# Access4All — Final Interface (Top-K Listing View)

This notebook implements the final, deterministic interface for Access4All.

Users select a **city** and **Top-K**, and listings are ranked by:
1. Final accessibility score
2. Confidence
3. Property ID (tie-breaker)

No filtering or scoring is performed here — this notebook only
presents results from the precomputed `access4all_final_scores`.
### How to run

1. Insert your Azure SAS token at Data Loading cell (data access only)
2. Run the notebook top to bottom
3. Select city and Top-K when prompted

To re-run with different widget selections, re-run the cell starting from the **Input Handling cell**.

Loaded tables:
- `access4all_final_scores`
- `access4all_airbnb_v1_9cities` (UI enrichment only)

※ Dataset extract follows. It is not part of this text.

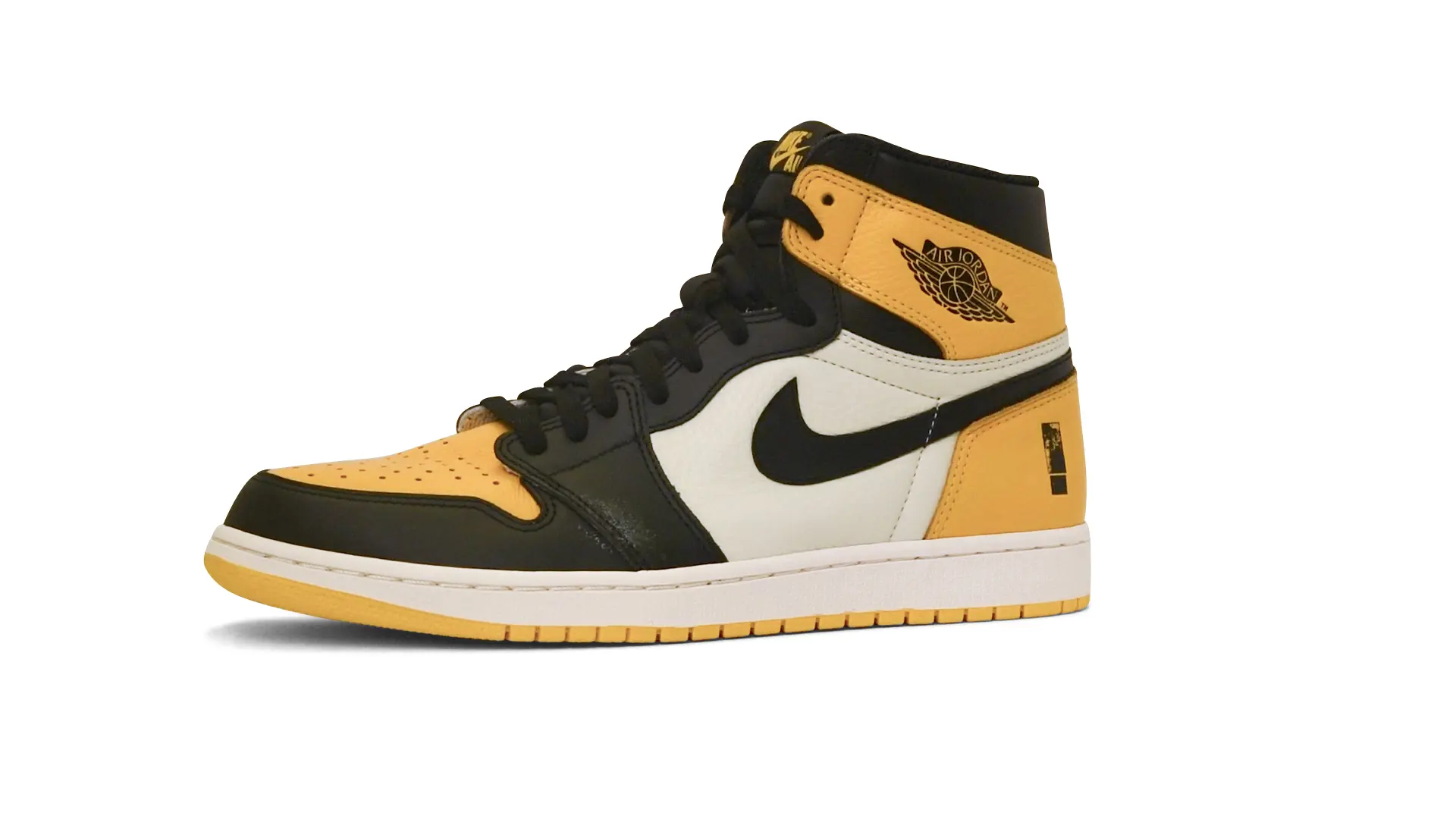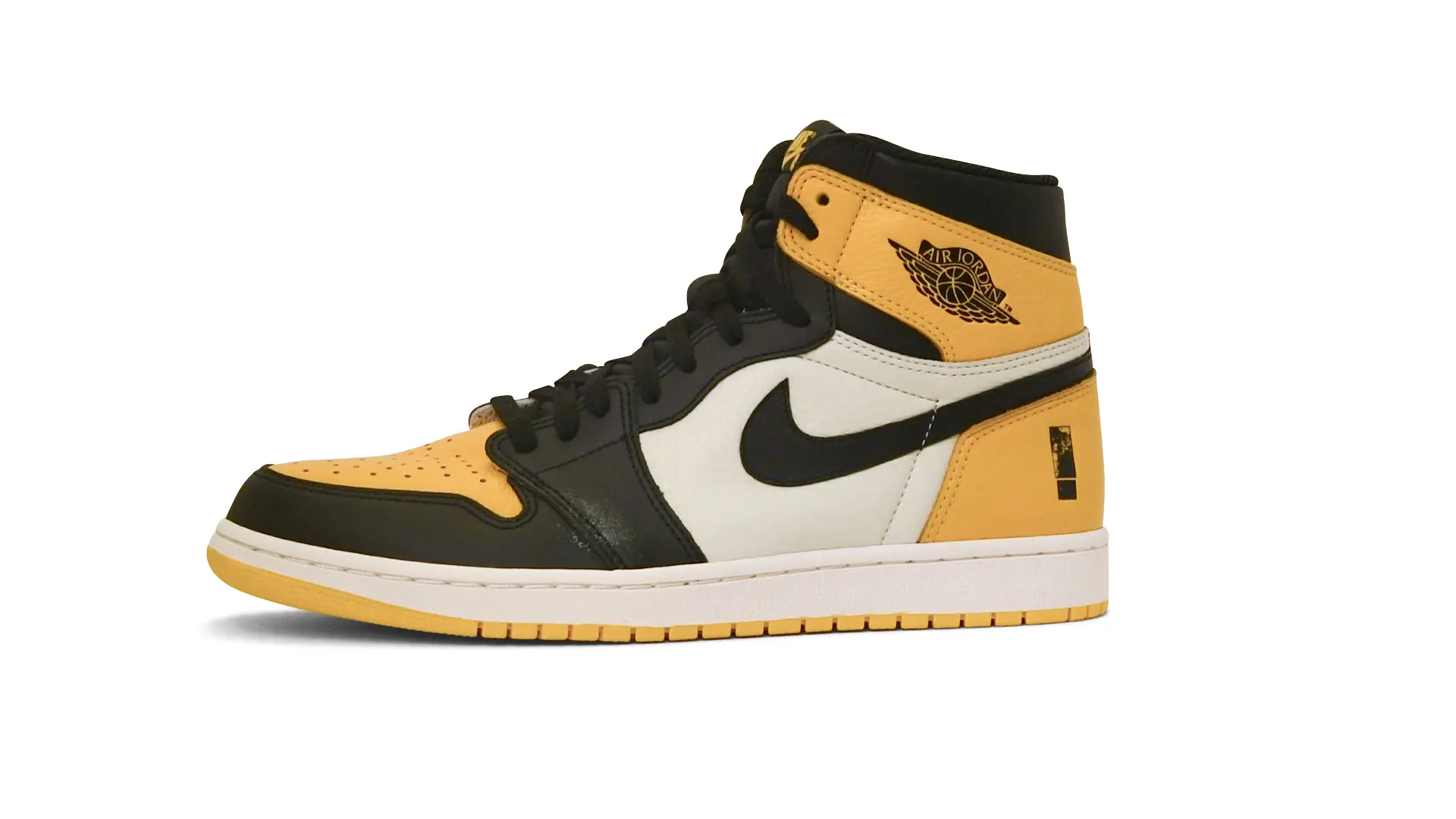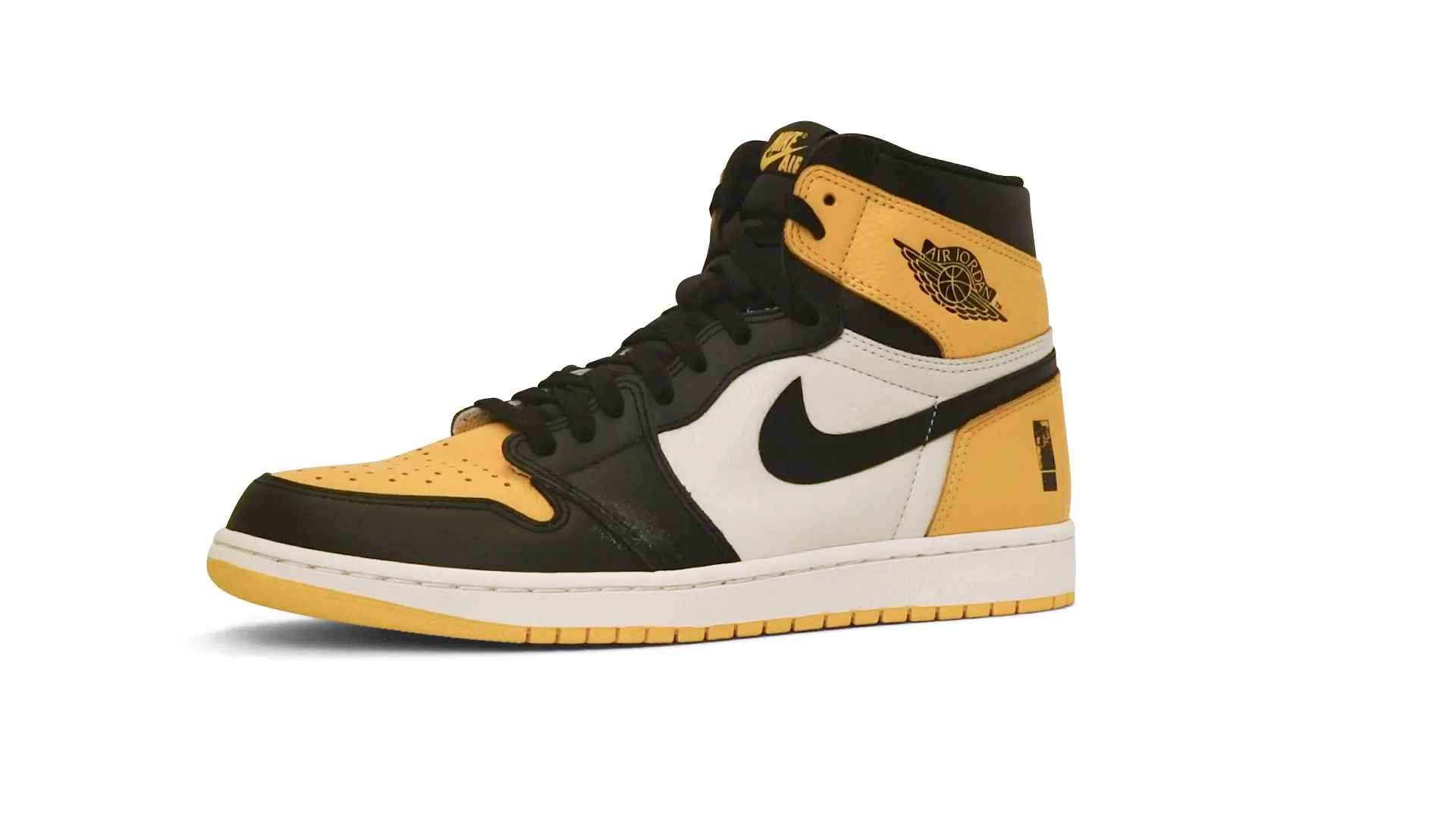 This limited edition pair was designed with yellow, black, and white colors, with the album covers’ exclamation mark featured on the heels. As the sneaker is a ‘friends and family’ drop, it is extremely rare and said to be one of a small number in existence.

All tables are loaded from a shared Azure Blob Storage container (main project storage).



In [0]:
from pyspark.sql.functions import split, col, round

### Data Loading (Shared Storage)

The interface loads data directly from shared Azure Blob Storage using SAS authentication.  
Loaded files: `access4all_final_scores.csv`, `access4all_airbnb_v1_9cities.csv`.


In [0]:
storage_account = "lab94290"
container = "submissions"
group = "merian_amit_ward"

sas_token = "Insert Your SAS Token Here"
sas_token = sas_token.lstrip("?")

spark.conf.set(f"fs.azure.account.auth.type.{storage_account}.dfs.core.windows.net", "SAS")
spark.conf.set(
    f"fs.azure.sas.token.provider.type.{storage_account}.dfs.core.windows.net",
    "org.apache.hadoop.fs.azurebfs.sas.FixedSASTokenProvider"
)
spark.conf.set(
    f"fs.azure.sas.fixed.token.{storage_account}.dfs.core.windows.net",
    sas_token
)

# --- final scores (base table) ---
final_scores_path = (
    f"abfss://{container}@{storage_account}.dfs.core.windows.net/"
    f"{group}/tables/access4all_final_scores.csv"
)

df_final_scores = (
    spark.read
    .option("header", "true")
    .option("inferSchema", "true")
    .csv(final_scores_path)
)

# --- v1 cities (for late join only) ---
v1_cities_path = (
    f"abfss://{container}@{storage_account}.dfs.core.windows.net/"
    f"{group}/tables/access4all_airbnb_v1_9cities.csv"
)

df_v1_cities = (
    spark.read
    .option("header", "true")
    .option("inferSchema", "true")
    .csv(v1_cities_path)
    # normalize URL (remove query params)
    .withColumn("url", split(col("url"), "\\?")[0])
    # deduplicate by logical identity
    .dropDuplicates(["property_id", "url"])
)
df_final_scores = (
    df_final_scores
    .dropDuplicates(["property_id"])
)



### User Inputs

The following controls allow users to filter listings by city and accessibility needs, and to select how many top-ranked results (`Top K`) to display.


In [0]:
# =========================
# Access4All – User Inputs
# =========================

dbutils.widgets.dropdown(
    "city",
    "Paris",
    ["Paris", "Rome", "Dubai", "São Paulo", "Rio de Janeiro", "Los Angeles", "New York", "Las Vegas", "San Francisco"],
    "City"
)

dbutils.widgets.text("top_k", "5", "Top K results")


### Input Handling

Widget selections are parsed and converted into typed parameters that drive filtering and ranking in the final result set.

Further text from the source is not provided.